• _Exercise objective_
Beginning at the line with "מהסדק הקטן הזה" in the records below, return each line up to and including the last, exactly as it stands, but not the pictures.
** Opening Data for this exercise block **
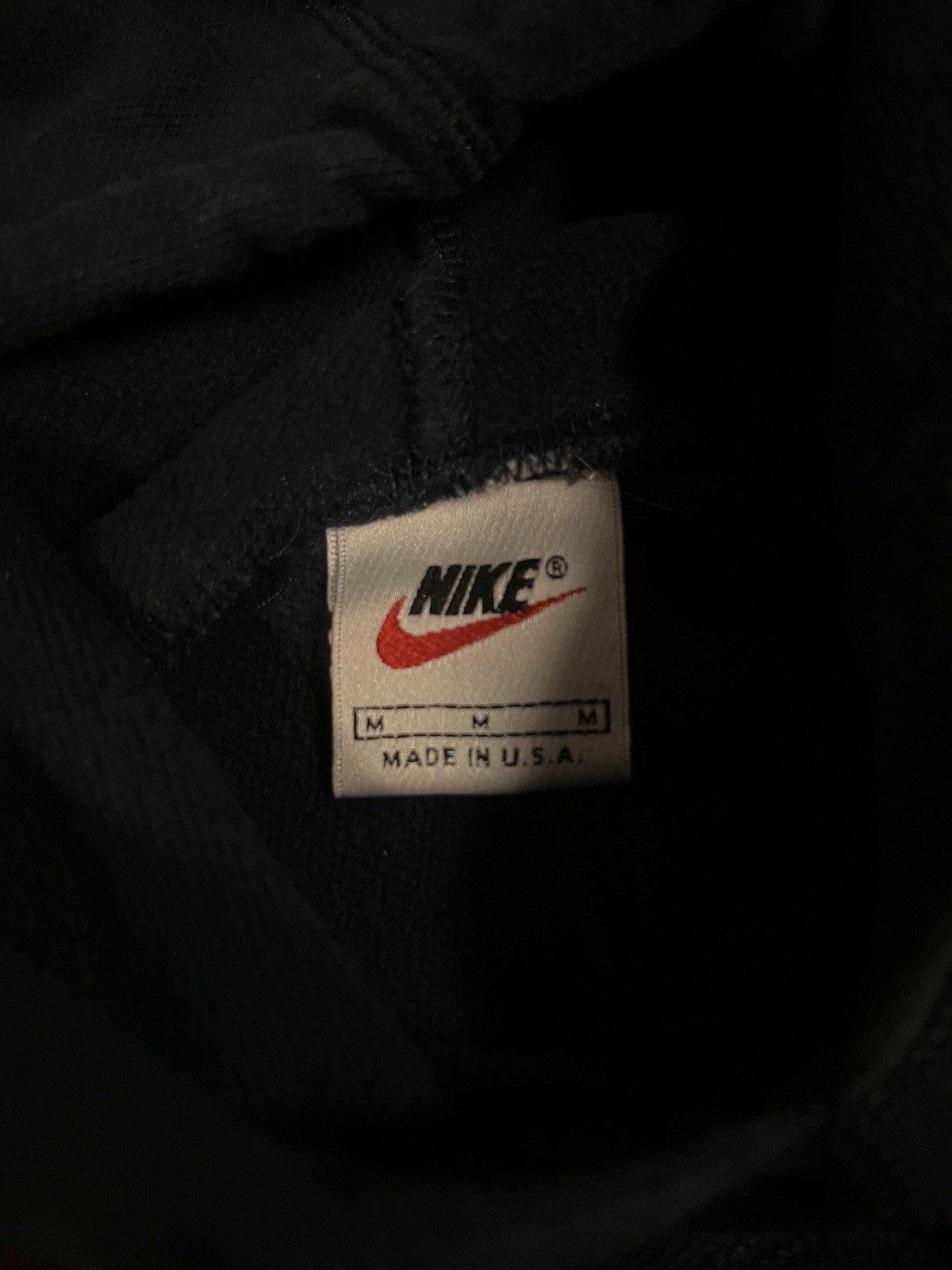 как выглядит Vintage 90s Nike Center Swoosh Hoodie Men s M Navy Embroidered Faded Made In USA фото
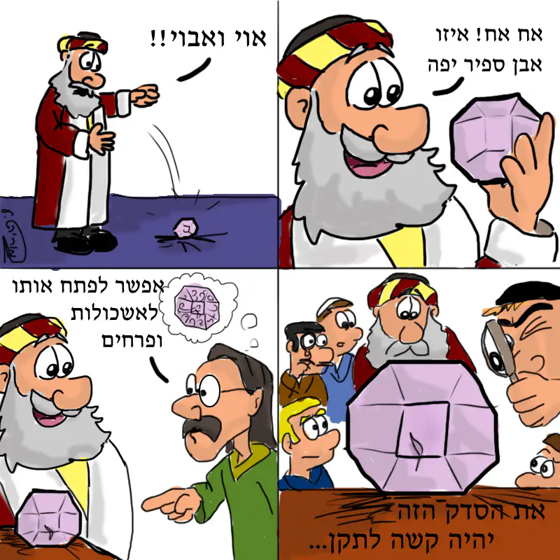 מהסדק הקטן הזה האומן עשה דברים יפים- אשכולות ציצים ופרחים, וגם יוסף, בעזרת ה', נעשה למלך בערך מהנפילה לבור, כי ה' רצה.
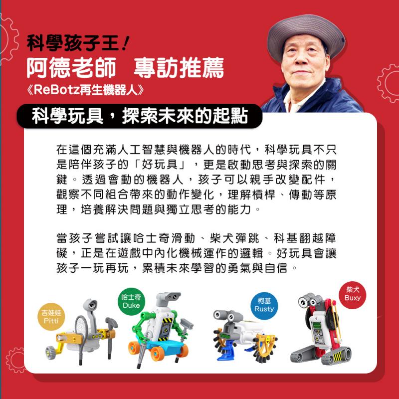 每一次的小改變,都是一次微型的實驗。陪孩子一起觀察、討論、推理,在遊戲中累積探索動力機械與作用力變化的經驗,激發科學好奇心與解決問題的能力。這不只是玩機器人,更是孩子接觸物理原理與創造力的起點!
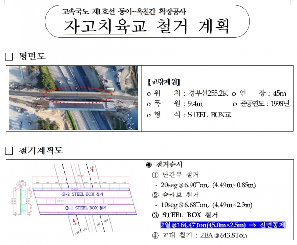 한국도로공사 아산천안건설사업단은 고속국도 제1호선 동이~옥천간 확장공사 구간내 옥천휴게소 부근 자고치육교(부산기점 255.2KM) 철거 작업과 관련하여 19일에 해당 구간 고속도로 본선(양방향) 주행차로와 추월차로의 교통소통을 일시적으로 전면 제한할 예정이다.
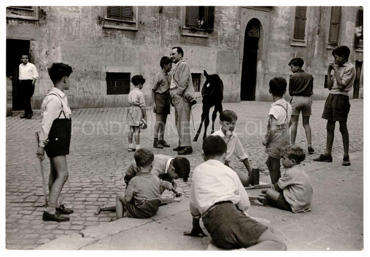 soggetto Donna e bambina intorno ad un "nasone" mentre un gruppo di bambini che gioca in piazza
** Closing Data for this exercise block **
• _Expected answer_
 מהסדק הקטן הזה האומן עשה דברים יפים- אשכולות ציצים ופרחים, וגם יוסף, בעזרת ה', נעשה למלך בערך מהנפילה לבור, כי ה' רצה.
 每一次的小改變,都是一次微型的實驗。陪孩子一起觀察、討論、推理,在遊戲中累積探索動力機械與作用力變化的經驗,激發科學好奇心與解決問題的能力。這不只是玩機器人,更是孩子接觸物理原理與創造力的起點!
 한국도로공사 아산천안건설사업단은 고속국도 제1호선 동이~옥천간 확장공사 구간내 옥천휴게소 부근 자고치육교(부산기점 255.2KM) 철거 작업과 관련하여 19일에 해당 구간 고속도로 본선(양방향) 주행차로와 추월차로의 교통소통을 일시적으로 전면 제한할 예정이다.
 soggetto Donna e bambina intorno ad un "nasone" mentre un gruppo di bambini che gioca in piazza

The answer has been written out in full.